Ich denke, ich war schon immer recht aufgeschlossen gegenüber jenen Dingen, die wir noch nicht erklären können. Schließlich gab es diese zu jeder Zeit und nur die Neugier hat dazu geführt, dass wir heute vieles erklären können. Als mir aber eine sehr gläubige Betroffene einmal sagte, sie sei ja ‚irgendwie schon mit einem Bein im Himmel‘ habe ich tatsächlich noch mal andere Aspekte hinzugewonnen. Religiöse und philosophische Betrachtungen zu diesem Thema sind mir damals dann näher gerückt. Die Trennung in Körper, Psyche und Geist halte ich zwar für zunächst hilfreich bezüglich Forschung und Wissenschaft, in meinem schmerztherapeutischen Alltag sitzt mir aber immer nur ein einziger Mensch gegenüber. Und der besteht eben nun einmal ‚aus allem‘ und löst somit künstliche Einteilungen einfach auf. Insofern haben für mich Körper und Geist gar kein ‚Verhältnis‘ zueinander, sondern sind in ihrer Gesamtheit ein faszinierendes Gebiet, um weitere Erkenntnisse zu suchen.

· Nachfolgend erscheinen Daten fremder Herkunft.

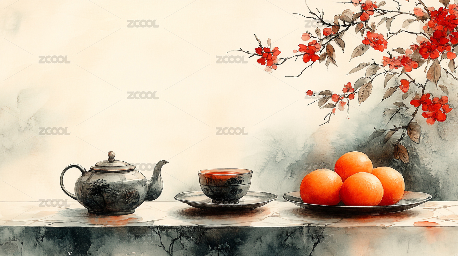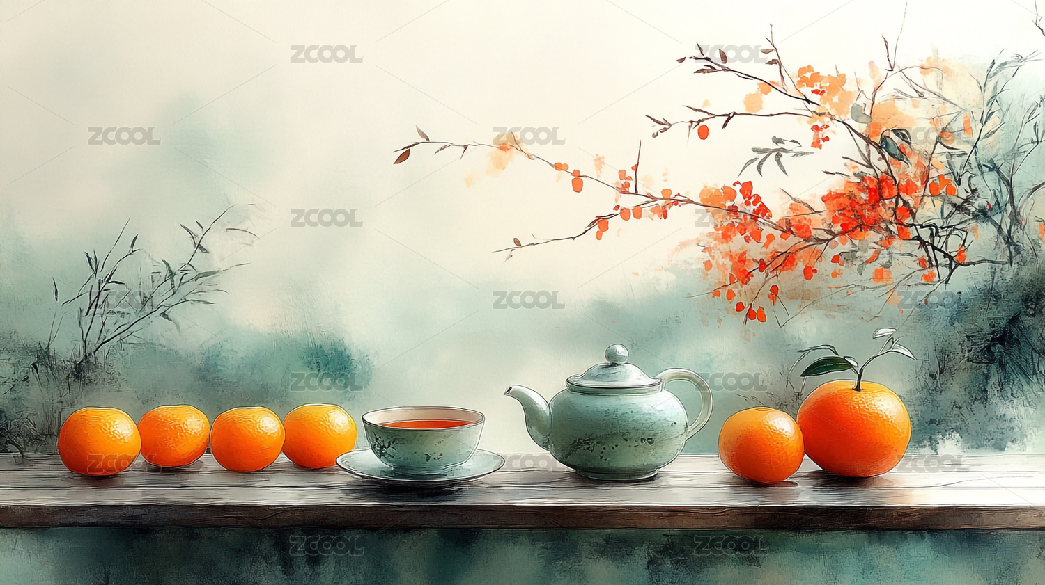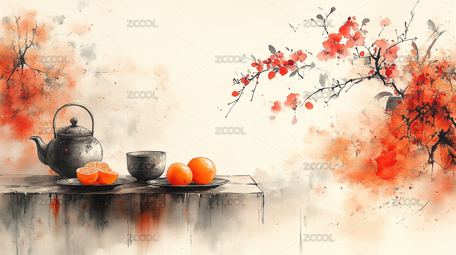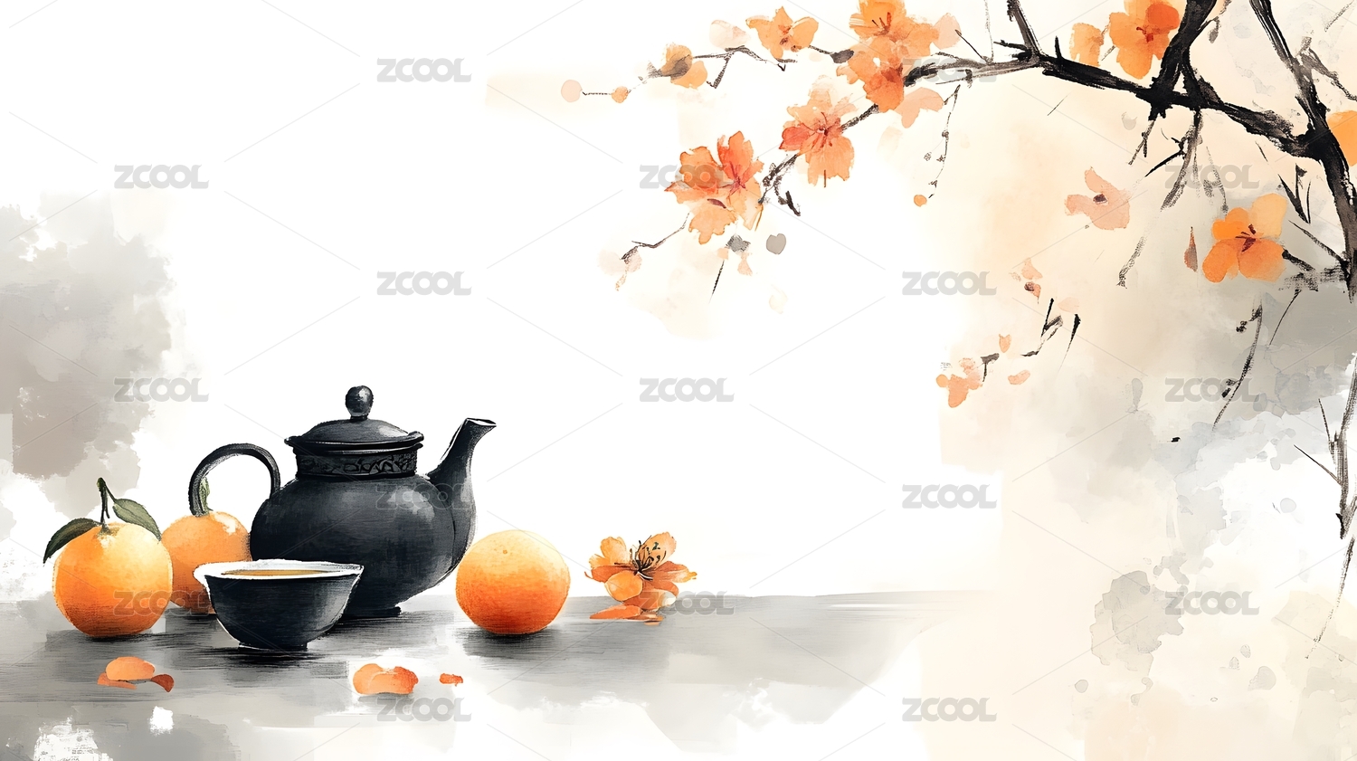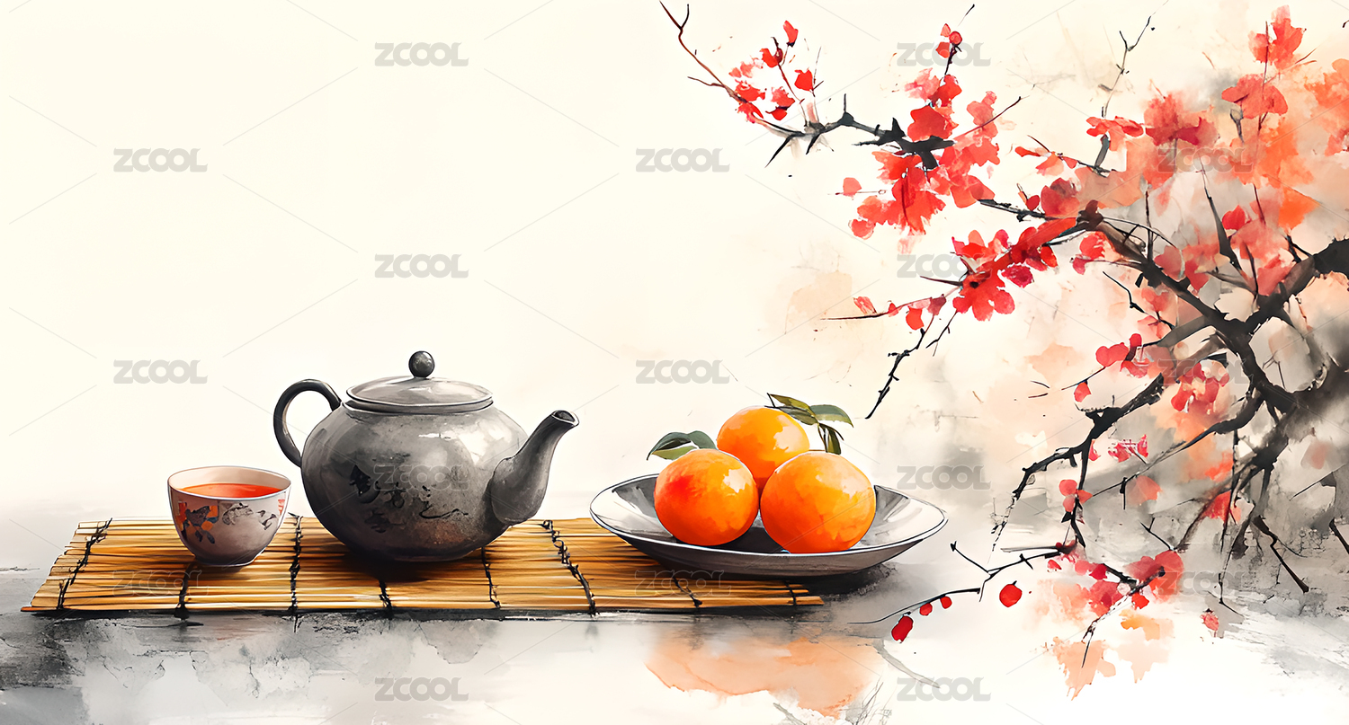 茶叶,煮茶,茶杯,茶壶,橘子,砂糖橘,柿子,梅花,红梅,盛开
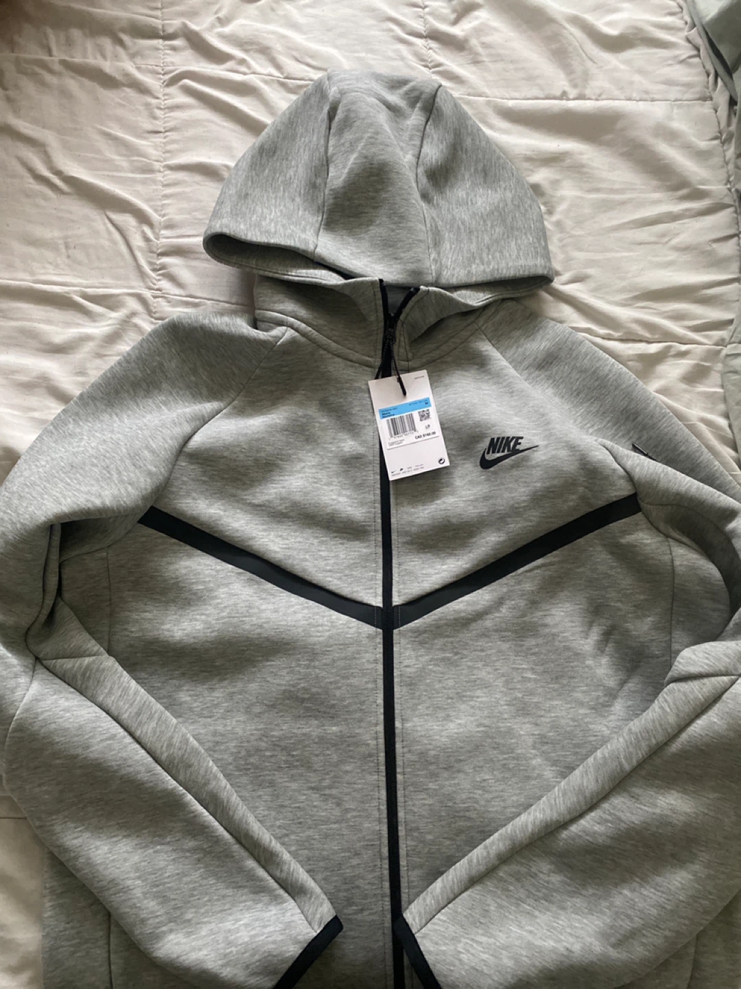 This is a Nike Tech Fleece full-zip hoodie in grey. It's made with a blend of cotton and polyester. Zippered pockets are included for secure storage.

Herr PD Dr. med. habil. Kai-Uwe Kern, vielen Dank für das Gespräch!

Video zum Buch

PD Dr. med. habil. Kai-Uwe Kern

PD Dr. med. habil. Kai-Uwe Kern, geb. 1957, ist Facharzt für Anästhesiologie und Allgemeinmedizin, als niedergelassener Schmerztherapeut leitet er eine Schmerzpraxis und das Institut für Schmerzmedizin in Wiesbaden. Außerdem arbeitet er als Hochschullehrer der Klinik für Anästhesiologie zum Thema ‚Chronische Schmerzen‘ an der Johannes-Gutenberg-Universität Mainz.